But refusals to comply with subpoenas become criminal where they are grounded not in good faith (even if questionable) assertions of privilege, but where, instead, a contempt for the rule of law is evidenced because one party abuses legitimate privileges in order to shield itself from investigation and accountability.
What the Bush administration is asserting here is the power to abolish that distinction, to immunize itself completely from the threat of criminal prosecution in those cases where it plainly abuses the assertion of privilege (as it is undoubtedly doing now) in order to immunize itself from accountability under the law. It removes completely the specter of criminal prosecution for refusing to comply with lawful investigations by vesting in the President an absolute, unchallengeable power to defy all subpoenas even where it has no arguable basis for doing so, by vesting in him the power literally to order federal prosecutors not to pursue an indictment.
(4) I confess some difficulty here in becoming particularly outraged over this latest theory. There is nothing new here. As has long been known, this administration believes themselves to reside above and beyond the reach of the law. What else would they need to do in order to make that as clear as can be? They got caught red-handed committing multiple felonies — by eavesdropping on Americans in precisely the way the law we enacted 30 years ago prohibited — and they not only admitted it, but vowed to continue to break our laws, and asserted the right to do so. And nothing happened.

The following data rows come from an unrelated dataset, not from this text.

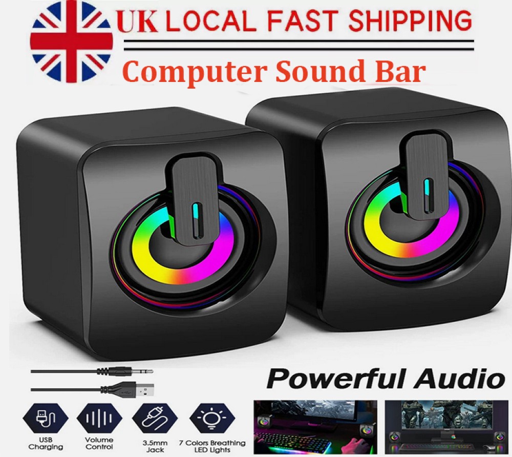 USB Wired LED Computer Speakers Stereo Bass Subwoofer 3.5mm for Desktop PC MP3
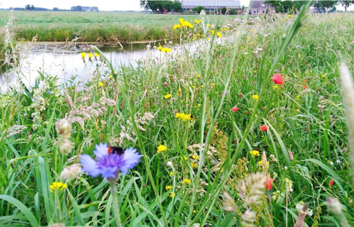 De eerste actie was bloemrijkmengsel zaaien in bermen langs drukke wandel- en fietspaden. Met als doel, zichtbaar worden op een positieve wijze. Bordjes met QR code langs de bloemrijke bermen geven toelichting.
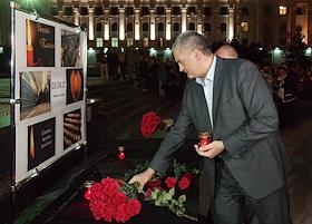 Акция памяти жертв трагических событий в Санкт-Петербурге прошла в Симферополе. Глава Республики Крым Сергей Аксенов во время акции.
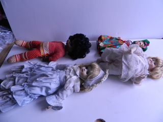 Lotto composto da 4 bambole vintage. - Una bambola con capelli neri e pigiama a pois rossi. - Una bambola con vestito azzurro e dettagli in pizzo. - Una bambola con capelli biondi e vestito bianco in pizzo. - Una bambola con vestito tradizionale colorato e cappello verde.
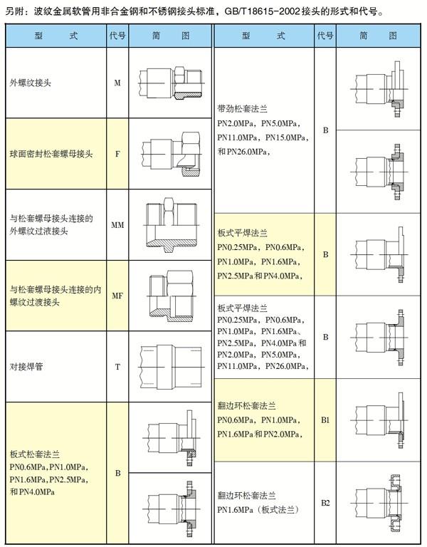 波紋金屬軟管標(biāo)準(zhǔn)接頭型式和代號(hào)
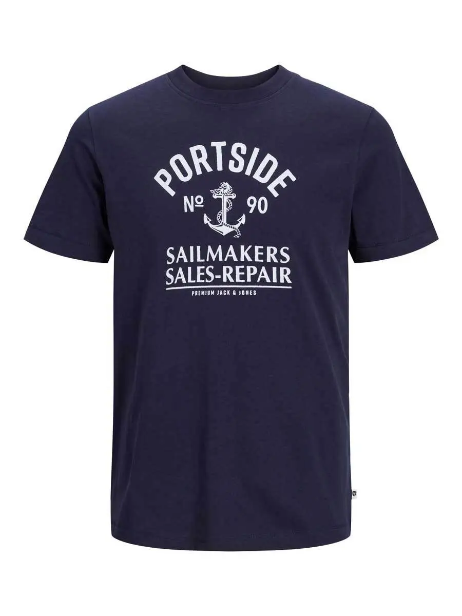 Navyblå T-shirt med "Sailor" print fra Jack & Jones. På T-shirten er der et print med et hvidt anker omviklet af et reb. Der er desuden hvid tekst med "Portside" over billedet af ankeret. Ved ankeret står der "no 90". Under billedet står der "Sailmakers" og "Sales - repair" samt "Premium Jack & Jones".
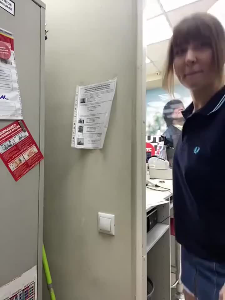 Малышка так перевозбудилась от работы что решила в подсобке немного выпустить пар.
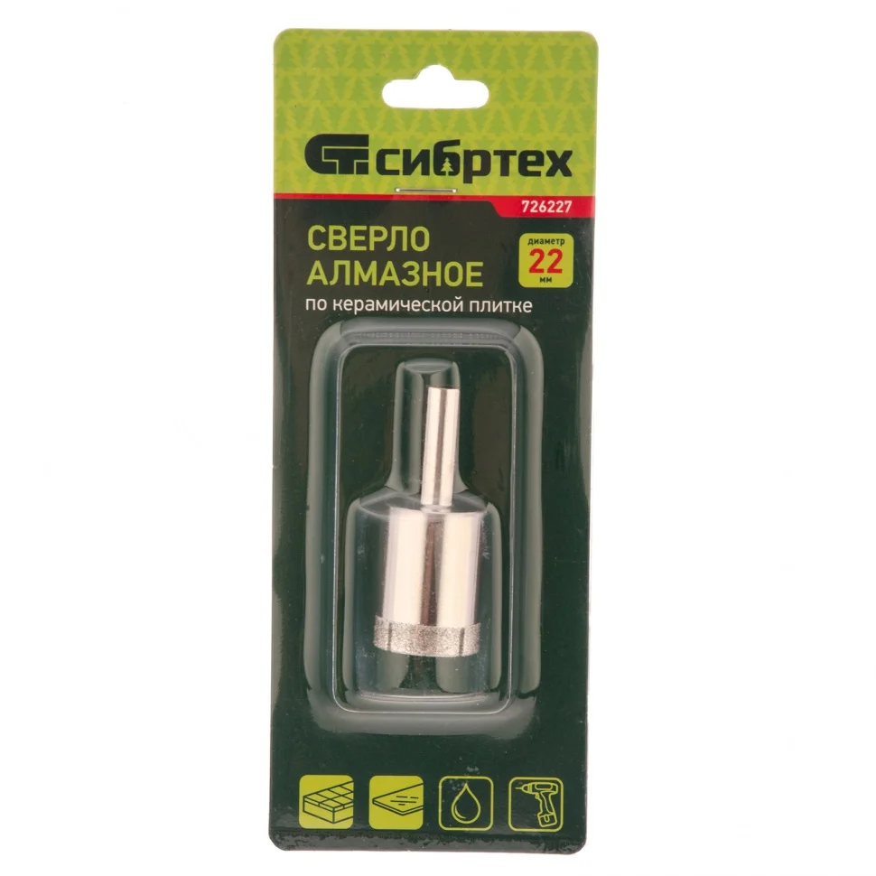 Сверло по стеклу и керамической плитке, 22 х 55 мм, цилиндрический хвостовик Сибртех 726227

This latest assertion of power — to literally block U.S. Attorneys from prosecuting executive branch employees — is but another reflection of the lawlessness prevailing in our country, not a new revelation. We know the administration breaks laws with impunity and believes it can. That is no longer in question. The only real question is what, if anything, we are willing to do about that.
Yes, it is true that, as various Democratic statements are claiming, this theory poses a constitutional crisis since, yet again, the President declares the other two branches of government impotent and himself omnipotent. But we have had such a crisis for the last five years. We have just chosen to ignore it, to acquiesce to it, to allow it to fester.
There is no magic force that is going to descend from the sky and strike with lighting at George Bush and Dick Cheney for so flagrantly subverting our constitutional order. The Founders created various checks for confronting tyrannical abuses of power, but they have to be activated by political will and the courage to confront it. That has been lacking. Hence, they have seized omnipotent powers with impunity.
At this point, the blame rests not with the Bush administration. They have long made clear what they believe and, especially, what they are. They have been rubbing in our faces for several years the fact that they believe they can ignore the law and do what they want because nobody is willing to do anything about it. Thus far, they have been right, and the blame rests with those who have acquiesced to it.
It has been six months since the Democrats took over Congress. Yes, they have commenced some investigations and highlighted some wrongdoing. But that is but the first step, not the ultimate step, which we desperately need. Where are the real confrontations needed to vindicate the rule of law and restore constitutional order? No reasonable person can dispute that in the absence of genuine compulsion (and perhaps even then), the administration will continue to treat “the law” as something optional, and their power as absolute. Their wrongdoing is extreme, and only equally extreme corrective measures will suffice.